BIG-IP 8800プラットフォームは、10Gbpsのアプリケーション配信を可能にするBIG-IPの最上位機種となる新製品。最新アーキテクチャを搭載することで、大容量のトラフィック環境に対応できるパフォーマンスとスケーラビリティを実現。年内に発表が予定されているシャーシ型モデルへのマイルストーンとなる。
最大の特長は、マルチプロセッサ、マルチコアに対応し、プロセッサの数やコア数に比例した処理能力を実現できる新しいアーキテクチャ「クラスタリングマルチプロセシング(CMP)」を搭載したこと。CMPの採用とTMOSにより、より効率的なアプリケーションデリバリネットワーキング環境を実現できる。
F5 Networksのプロダクトマネージメント担当ディレクターであるJason Needham氏は、「競合他社の製品に比べ、2倍以上のパフォーマンスを提供できる」と胸を張る。また、F5ネットワークスジャパンのシニアプロダクトマーケティングマネジャーである武堂貴宏氏は、「筐体はBIG-IP 8400と同じだが、内部的には全く違う製品だ」と話している。
たとえば、アドウェア企業であるZangoでは、3台のBIG-IP 6400で行っていた処理を、1台のBIG-IP 8800に移行することで、レイヤ7でのトラフィック処理機能を活用しながらゲーム、ビデオをはじめとするダウンロード用コンテンツが必要とする十分なスループットを実現したという。
一方、BIG-IP v9.4は、管理ドメインの採用や信頼性を追求したアプリケーションモニタの追加、オペレーションの効率化などが特長の最新ソフトウェア。
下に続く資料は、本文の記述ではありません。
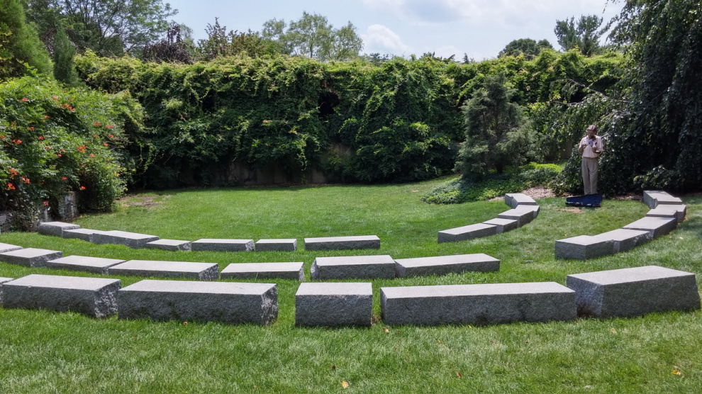 В районе городка Трентона, Нью-Джерси, в местечке Хэмилтон есть очень интересное место под названием "Земля скульптур" (Grounds for Sculpture).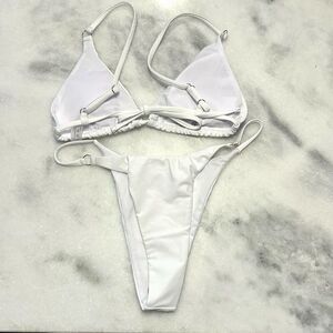 NWOT Triangle Tie Back Top and High Cut Leg Bottom Swim Bikini 2Piece Set White Large by Berry Beach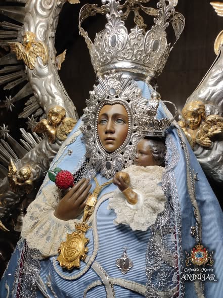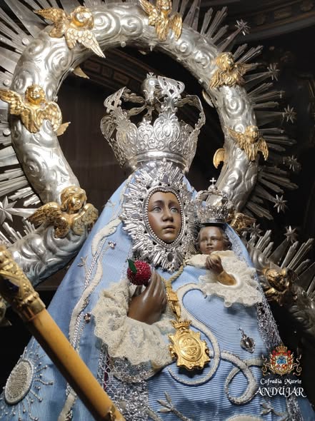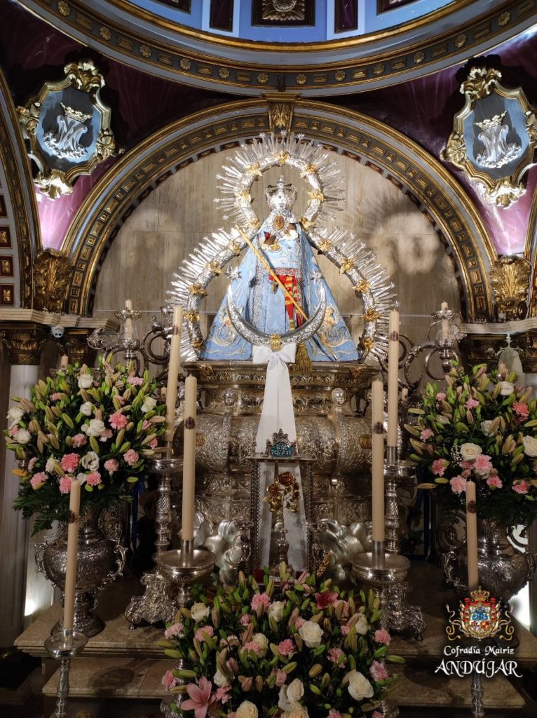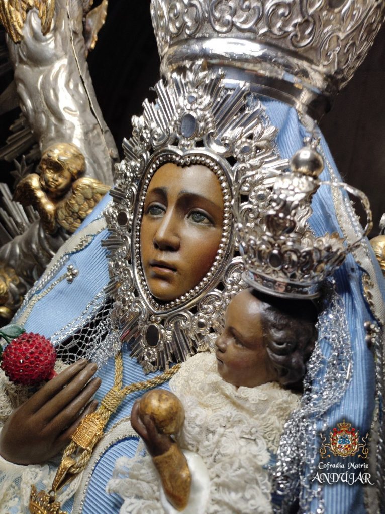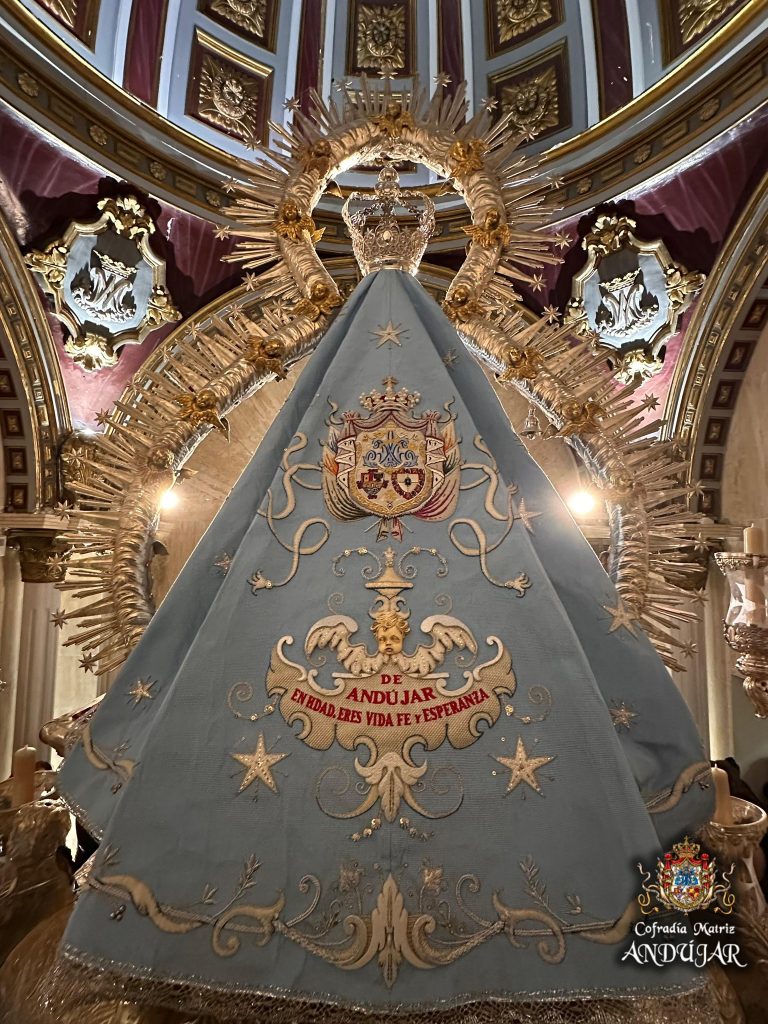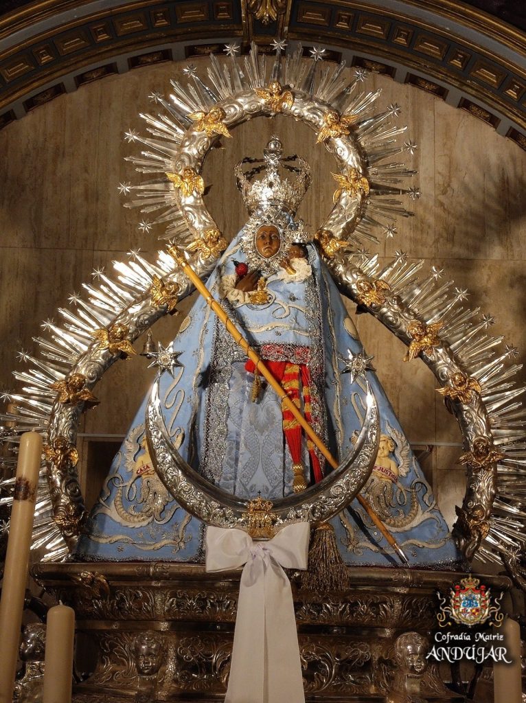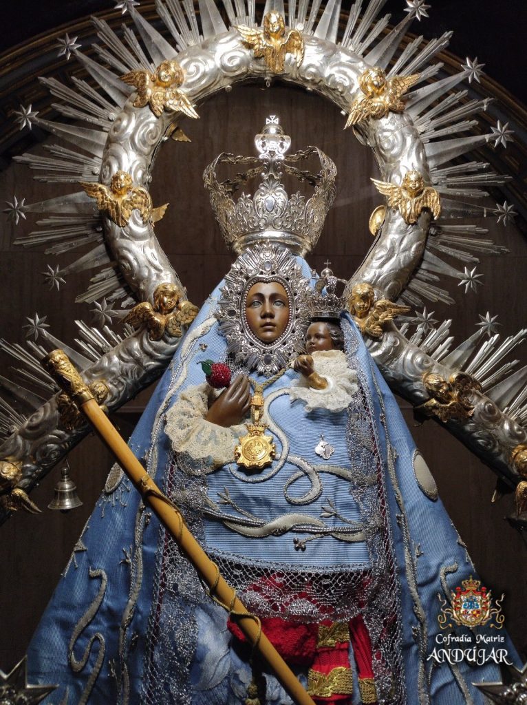 La Santísima Virgen, en su pureza concebida, lleva solo impuesta la medalla y bastón de Patrona y Alcaldesa de la Ciudad de Andújar y ceñido el fajín de Capitana General de los Ejércitos del Reino de España. Estrena medalla de plata del Santísimo Cristo de la Luz, donada a la Cofradía Matriz por la Hermandad del Santísimo Cristo de la Luz de Dalías (Almería) para nuestra Sagrada Titular.

管理ドメインの採用により、アプリケーション、ビジネスユニットごとに権限を分割できるほか、オブジェクト、キャッシュ、圧縮、SSLなどのリソースの仮想化が可能。運用管理の効率化を実現できる。
また、IBM WebSphereモニタ(SASP)やファイルサーバモニタ(SMB)、パッシブモニタなどで構成されるアプリケーションモニタの追加により、アプリケーションアップタイムが向上できるほか、TMOSとiRules、DevCentralで実現していた各種機能をテンプレート化することで、操作性を大幅に向上している。
さらに、WebAcceleratorモジュールは、ダイナミックなキャッシング技術により、ウェブアプリケーションを高速化するための機能を提供するもの。TMOS上に統合されることで、新たにハードウェアを導入することなく機能拡張が可能。JavaAppletなどをブラウザにプラグインすることなく、変更対象の項目だけリフレッシュされる「インテリジェント・ブラウザ・リファレンシング(IBR)」などの搭載で、ウェブアプリケーションの高速化を実現できる。
BIG-IP v9.4およびWebAccelerator モジュールは同日より発売を開始。BIG-IP 8800プラットフォームは2007年夏ごろに国内販売を予定している。WebAcceleratorモジュールはオプションでBIG-IP 6400以上の機種に搭載可能。なお、保守契約を持つF5製品の既存顧客は、追加料金なしでBIG-IP v9.4にアップグレードできる。